Dal punto di vista stilistico, speravo in qualcosa di più.
Nicholls è bravino ma insipido; 
è davvero esagerato paragonarlo a Nick Hornby o altri grandi nomi. 
La sua scrittura a mio avviso manca di carattere, 
è gradevole e aggraziata e fila via veloce, ma tutto qua.
Dal punto di vista del rapporto con il film, 
approfondisce tutto ma non dice di più.
Potrebbe quindi bastare o l'una o l'altra cosa, 
a seconda delle vostra predisposizione.
La storia, lo ripeto, mi ha toccata da vicino,
i due personaggi li ho sentiti davvero familiari.
Però non ho pianto per il film, nè per il libro.
Da una trama del genere ci si aspetta come minimo 
uno sconvolgimento emotivo di spessore.
Forse bastava farlo coincidere con la sindrome premestruale,
chi lo sa.
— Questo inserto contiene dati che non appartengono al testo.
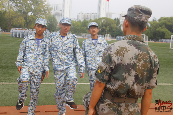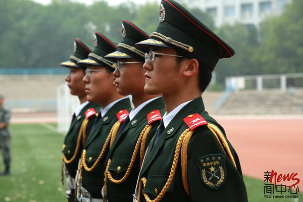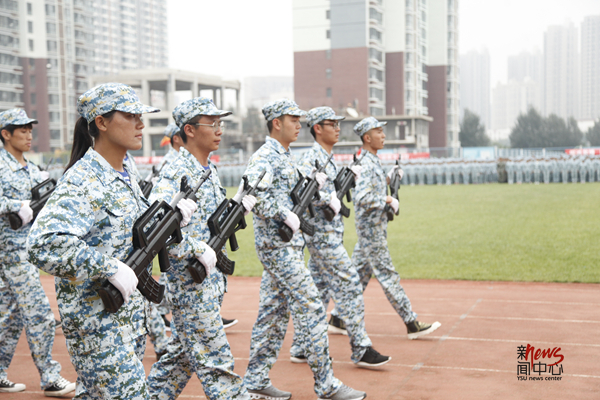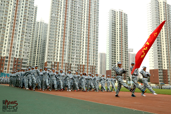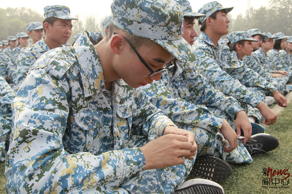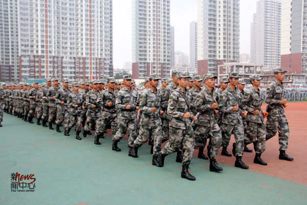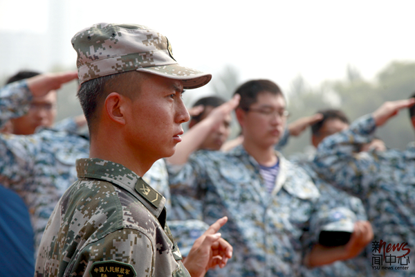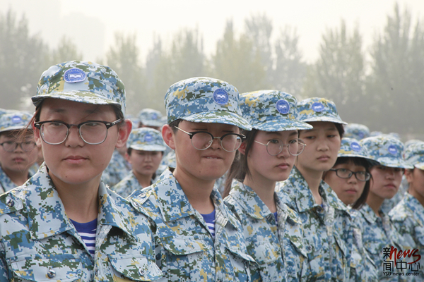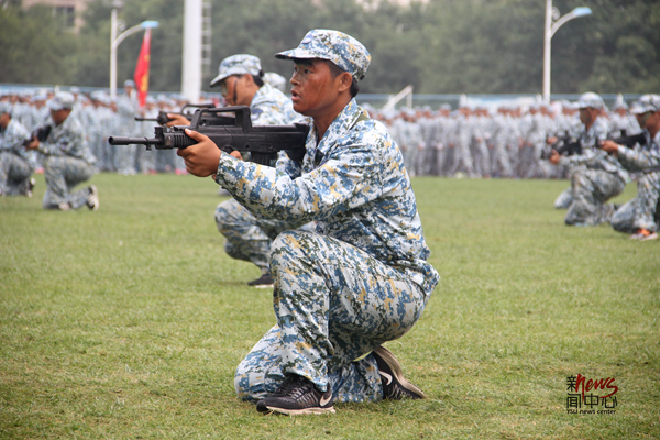 全体新生用十天的努力训练,在军训总结大会上一展英姿(李晖)

Ad ogni modo è andata. 
Ho sognato e sospirato a dovere, e non mi è spiaciuto.
Posso tornare a Hemingway.

1 commento:

Margherita Ciacera ha detto...

sono d'accordo con te, è un romanzo piacevole, scorrevolissimo, con personaggi in cui è facile identificarsi (io mi sono sentita Emma tutto il tempo!) ma dal punto di vista dello stile di scrittura non è nulla di straordinario!